The arms are 22" for the upright and 18 for the arm. It really depends on the size of your table I wanted it to have a little more room between the arm and the wire so the hole in the table in not centered but closer to the front in case a needed to cut a large piece of foam. The wire hole on the arm is 1/2 inch in from the end and the screw cleats another 1/2 behind that. I will probably change the cleat screws for a guitar string tunning key. The screws that attach the arm are just normal round head 3 /12" 1/4 20 screws with washers on each end (Hex bolts will work as well). As for the knobs I have seen them at Lowes and Ace hardware. You can also get them from Rockler. The knobs that I used were round knobs just slightly larger that 1" across 1/4 20 size. I am not sure what connector you are referring to but I think you mean the connector between the power supply and the cable with the alligator clips. That is a Radio shack connector see the link below. there is a male and female end. Now to address the possibility of melting the arch holding the wire under the table I was thinking that you can use a small ceramic tile with a hole drilled into it or you may also use the wonder board which is a cement board. A small square of that with a hole drilled into it to sit under the arch. By using a slightly larger hole in the arch the wire will never touch the plastic. So far this has not been the case the plastic has not melted but if it ever does I will add the wonder board or tile. I hope this answers everyone's questions but if not please ask me and I will take more pictures if needed.

Rockler link:

http://www.rockler.com/search_results.cfm?filter=jig+knobs&submit.x=7&submit.y=7

Radio shack connector Male:

http://www.radioshack.com/product/index.jsp?productId=2103448

and Female:

http://www.radioshack.com/product/index.jsp?productId=2103449


----------



## berzerkmonkey

Thanks for the links. And yes, I was referring to the 2 prong molex connectors you were using. Thanks!


----------



## nixie

drool... I'm totally coveting this table!!!


----------



## Aquayne

I made a version of this a few years ago. I scrapped it after melting two wall wart transformers.
You can get the correct wire by breaking apart a fish aquarium heater. Go to a local fish store and ask for a broken one. They usually have some around.


----------



## Garage-Of-Evil

Great work Hprop! It's awesome to see another haunters riff on this, and you really did a kick ass job making that table. Hey, as a quick FYI you should try a gauge .22 wound string. I tried one basically out of desperation after popping some .18s, and lo and behold it worked out perfect. I wouldn't have thought a wound string would work so well, but it really kicks ass.


----------



## hpropman

Cool thanks for the tip and the comment about the table. I really have to add that how to to my site so that you can add a link to it on yours.


----------



## Garage-Of-Evil

Slacker!


----------



## hpropman

guilty as charged


----------



## halstaff

*Foam cutting table done*

I just finished my table using the GOE power box and your table design. Works like a charm! Thanks for the great tutorial and photos. Made putting it together a breeze.


----------



## hpropman

Hey that's great news! How about some pictures?


----------



## halstaff

I used my currently unused portable router table. Worked great but the next one will have a larger work surface.


----------



## hpropman

very cool nicely done!


----------



## fritz42_male

Sameone built one using pegboard - it allowed you to put pegs in to hold stright edges etc. That seems like a good idea too.

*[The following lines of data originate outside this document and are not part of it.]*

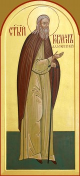Монах Герман происходил из купцов города Серпухова Московской епархии. Как он назывался до пострижения в монашество и какая была его фамилия, — неизвестно. С самых юных лет он имел великую ревность ко благочестию (с 12-ти лет жил в Сарове), и 16-ти лет от рождения пошёл в монахи. Сначала поступил он в Троице-Сергиеву пустынь, лежащую близ Финского залива, на петергофской дороге, в 15-ти вёрстах от С.-Петербурга. В то время Сергиева пустынь была приписана к Троице-Сергиевой Лавре и управлялась строителями, присылаемыми из Лавры. Вероятно, о. Герман как сосед г. Москвы, бывал в Москве и посещал Свято-Троицкую московскую Лавру; там имел случай узнать о святой отрасли св. Лавры, Троицко-Сергиевой петербургской пустыни, — и это, может быть, и было поводом к поступлению его в пустынь.
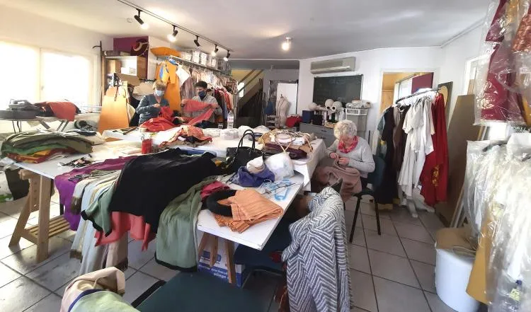 Elles sont une dizaine de couturières bénévoles à s’impliquer dans la fabrication du costume médiéval. Pour respecter le protocole sanitaire mis en place au vu de la pandémie, elles se retrouvent au nombre de quatre, à tour de rôle, le samedi dans leur petit local.
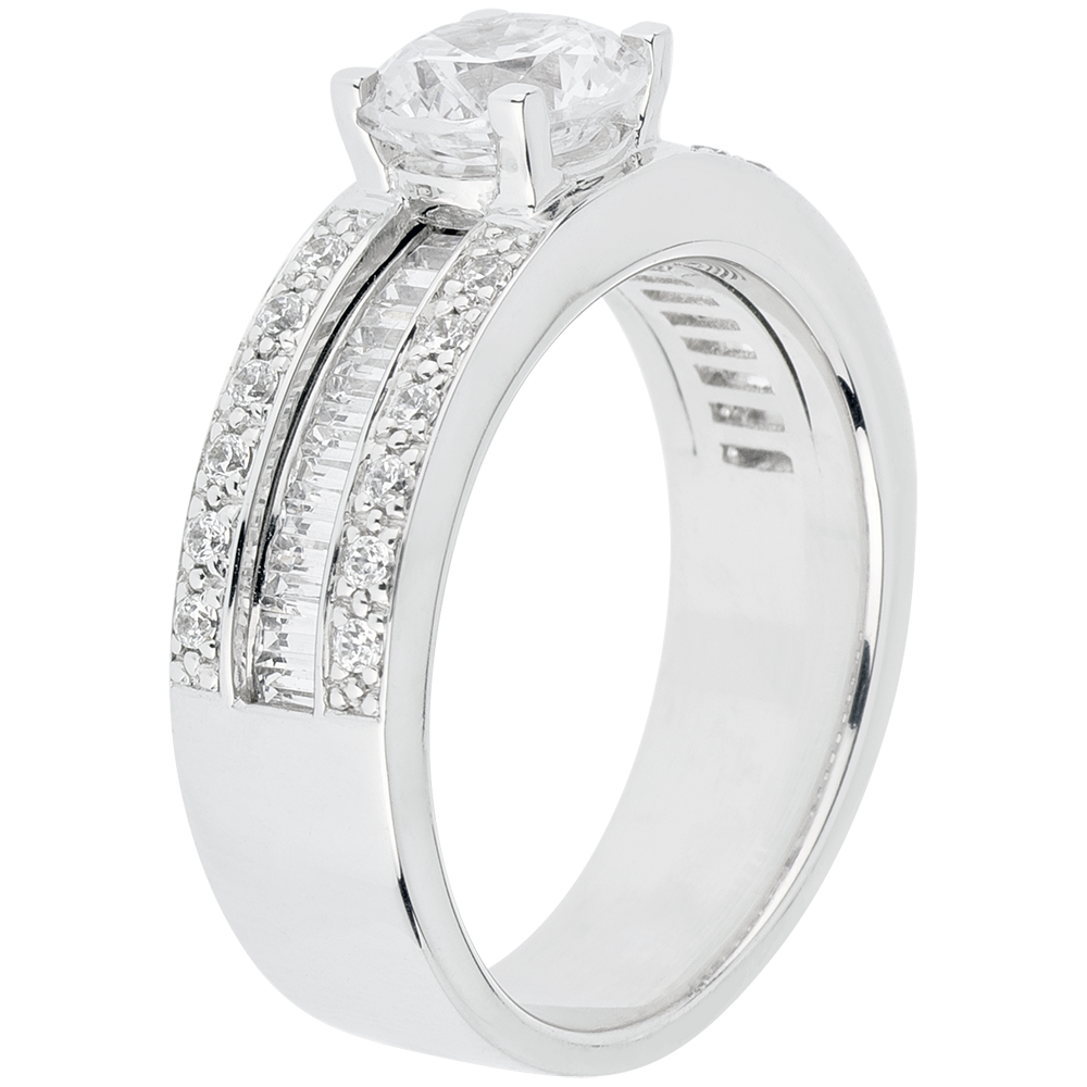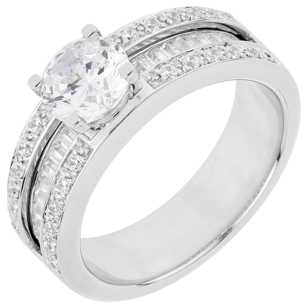 Un diamant solitaire pris entre 4 griffes est déposé sur une somptueuse monture pavée de diamants taille brillant et sertie de baguettes. Diamant central: 1 carat. 41 diamants : 1.6 carat - Or blanc (18 carats = 750/-): 9.4 g. Plus dimensions
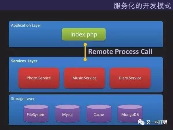 为了解决单块架构扩展性差的问题,同时解决代码集中带来的并行开发测试困难等问题,逐步出现了多层架构,把表示层、业务逻辑层、数据访问层适当分离,分别打包部署。如通过实现Model-View-Controller的模式将数据、业务、展现进行分离。还有一种RPC架构,通过远程过程调用实现应用架构分离。
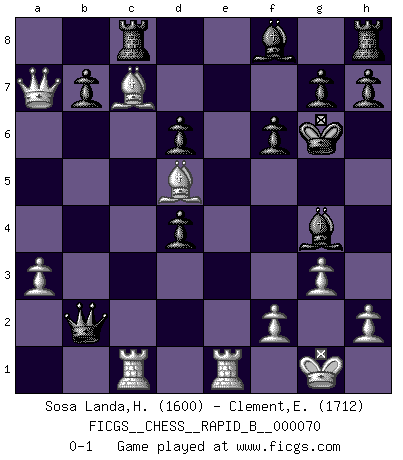 Last move : 0-1 2008 January 16 23:22:12 [Event "FICGS__CHESS__RAPID_B__000070"] [Site "FICGS"] [Date "2007.10.07"] [Round "1"] [White "Sosa Landa,Hugo Rafael"] [Black "Clement,Etienne"] [Result "0-1"] [WhiteElo "1600"] [BlackElo "1712"] 1.g3 d5 2.Nf3 Bg4 3.Bg2 Nc6 4.d4 Nf6 5.O-O Qd7 6.Ne5 Qe6 7.c4 Nxe5 8.dxe5 Qxe5 9.Nc3 d4 10.Bf4 Qc5 11.Nd5 Nxd5 12.cxd5 Qb4 13.Rc1 Rc8 14.Bxc7 f6 15.a3 Qxb2 16.Qa4+ Kf7 17.Qxa7 Bxe2 18.Rfe1 Bg4 19.d6 exd6 20.Bd5+ Kg6 0-1 This chess game has been lost on time (started : 2007.10.07 16:34:7) Benko's Opening Kingside Castling by player White (move 5) Player Black won this chess game. Follow this game move after move (download)Chess is the art which expresses the science of logic. (Mikhail Botvinnik) Im Leben werden Partien nie so unstrittig gewonnen wie im Spiel (Emanuel Lasker) Por esta medida (el intervalo entre Fischer y sus contemporaneos), yo le considero el mas grande campeón mundial. (Garry Kasparov) La menace est plus forte que l'exécution. (Aaron Nimzovitch) Macintosh - we might not get everything right, but at least we knew the century was going to end. (Douglas Adams)
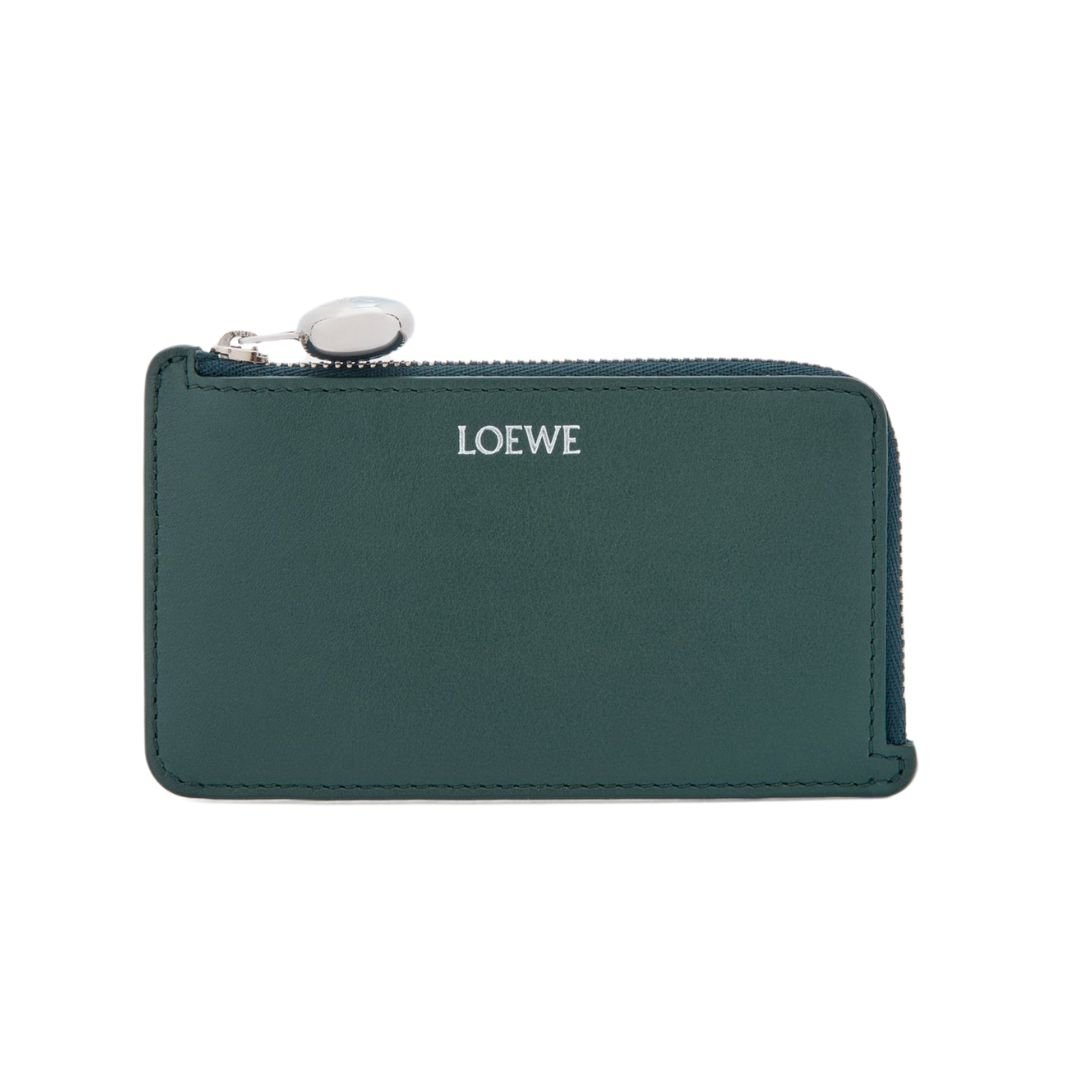 Dimensioni:● Larghezza: 13 cm● Altezza: 7.5 cm● Profondità: 0.5 cm Dettagli:● Materiale: Pelle nappa lucida● Colore: Verde scuro● Chiusura: Zip●

I've got access to masses of 16mm melamine faced chipboard so I'll probably build hpropman's version first.

Hey mate - LOVE the Y cutter!

I also recently bought myself a soldering gun that will be modified to become a foam carver.


----------



## SuperCreep31

that's great! here's another project to put on the 'To-Do' list


----------



## operatingnurse

This looks doable now that you eliminated the need to weld. Not that welding isn't on the long list, but this version gets me through for now. I'm starting today!


----------



## Lunatic

Hpropman, nice tutorial and concept. I love it. Thanks for sharing.


----------



## Granges Grim Ghouls

Thank you for posting the how to. I am making a foam cutter and i love your how to. Great pictures. Thank you.


----------



## BioHazardCustoms

Great how-to. It answered a few questions I have been pondering as far as improving my foam cutting table. Greatly appreciated!


----------



## trachcanman99

Decrepit Desecr8shun said:


> yes you are correct in thinking that the clip will dissipate some of the heat. Not kicking you on the design as I'm trying 2 figure a way around this potential problem myself! Post if you come up w/a solution and I'll do the same as well. Thermal nylon washers are the best thing I've thought of yet,but I'm unwilling to buy a intake manifold heat isolation gasket kit(available 4 Honda cars) for a $100.00 just 2 get 4 washers out of it & make the rest of the parts useless to anyone.:ninja:


 I would say unless you are going to run it all day it won't be an issue, if after a short time of running if the bolt heats up then either use an larger bolt to add mass or go to your local hardware store nut and bolt section and in the pull out drawers look for nylon bushings. Even the big box stores probably sell the bushings in the plumbing supply section. if you can't find nylon bushings just use a piece of heavy wall EMT pipe out of the electrical section of the Box store. I would buy a 2" EMT collar and cut it in half to use to replace that pvc piece, drill the hole to hold the wire like you did on the pvc and mount it to the table same way as you mounted the pvc. you can wrap the emt with tape to insulate it in case someone crawls under the table and touches it while you have the system powered up, just to be safe.


----------